Since pictures are not part of the copy, please output only the lines from the one with "- The sonar" through the end of the data below, exactly as written.

#### Data extract:
Start of Block

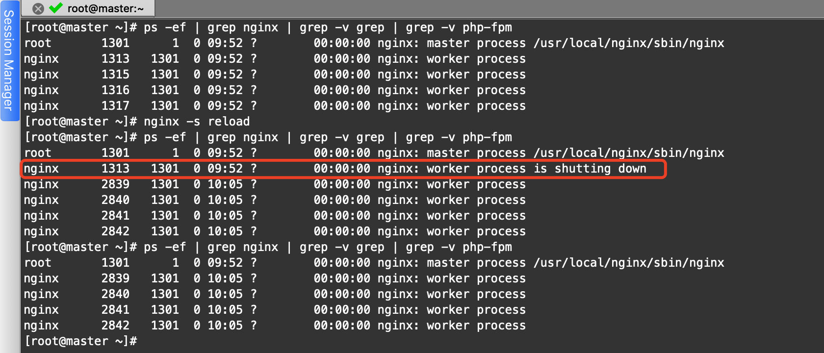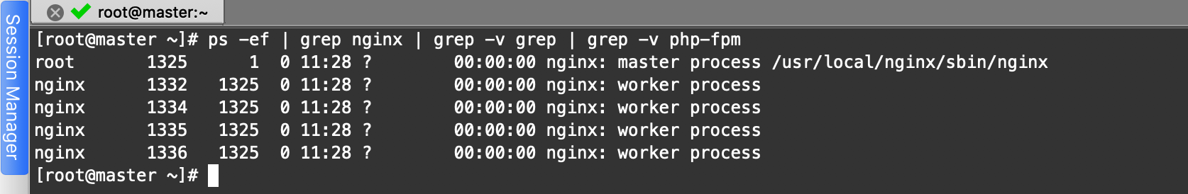 [root@master ~]# ps -ef | grep nginx | grep -v grep | grep -v php-fpm root 1325 1 0 11:28 ? 00:00:00 nginx: master process /usr/local/nginx/sbin/nginx nginx 1332 1325 0 11:28 ? 00:00:00 nginx: worker process nginx 1334 1325 0 11:28 ? 00:00:00 nginx: worker process nginx 1335 1325 0 11:28 ? 00:00:00 nginx: worker process nginx 1336 1325 0 11:28 ? 00:00:00 nginx: worker process
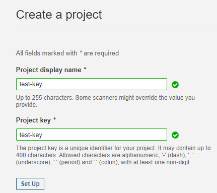 - The sonar report will automatically infer the project name from your code. i.e., the final report will not have test-key as the project name but your actual project name.
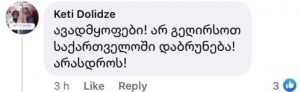 მთავარი ციტატა„ავადმყოფები! არ გეღირსოთ საქართველოში დაბრუნება“ – ქეთი დოლიძე ემიგრანტებს 13/10/202015/10/2020 0„ავადმყოფები! არ გეღირსოთ საქართველოში დაბრუნება! არასდროს!“ქეთი დოლიძე, რეჟისორიაღნიშნული კომენტარი დოლიძე ათენში, საქართველოს ექს-პრეზიდენტთან შეხვედრაზე მისულ ემიგრანტებს სოციალური ქსელის მომხმარებლის პოსტზე დაუწერა

End of Block

#### Your solution:
 - The sonar report will automatically infer the project name from your code. i.e., the final report will not have test-key as the project name but your actual project name.
 მთავარი ციტატა„ავადმყოფები! არ გეღირსოთ საქართველოში დაბრუნება“ – ქეთი დოლიძე ემიგრანტებს 13/10/202015/10/2020 0„ავადმყოფები! არ გეღირსოთ საქართველოში დაბრუნება! არასდროს!“ქეთი დოლიძე, რეჟისორიაღნიშნული კომენტარი დოლიძე ათენში, საქართველოს ექს-პრეზიდენტთან შეხვედრაზე მისულ ემიგრანტებს სოციალური ქსელის მომხმარებლის პოსტზე დაუწერა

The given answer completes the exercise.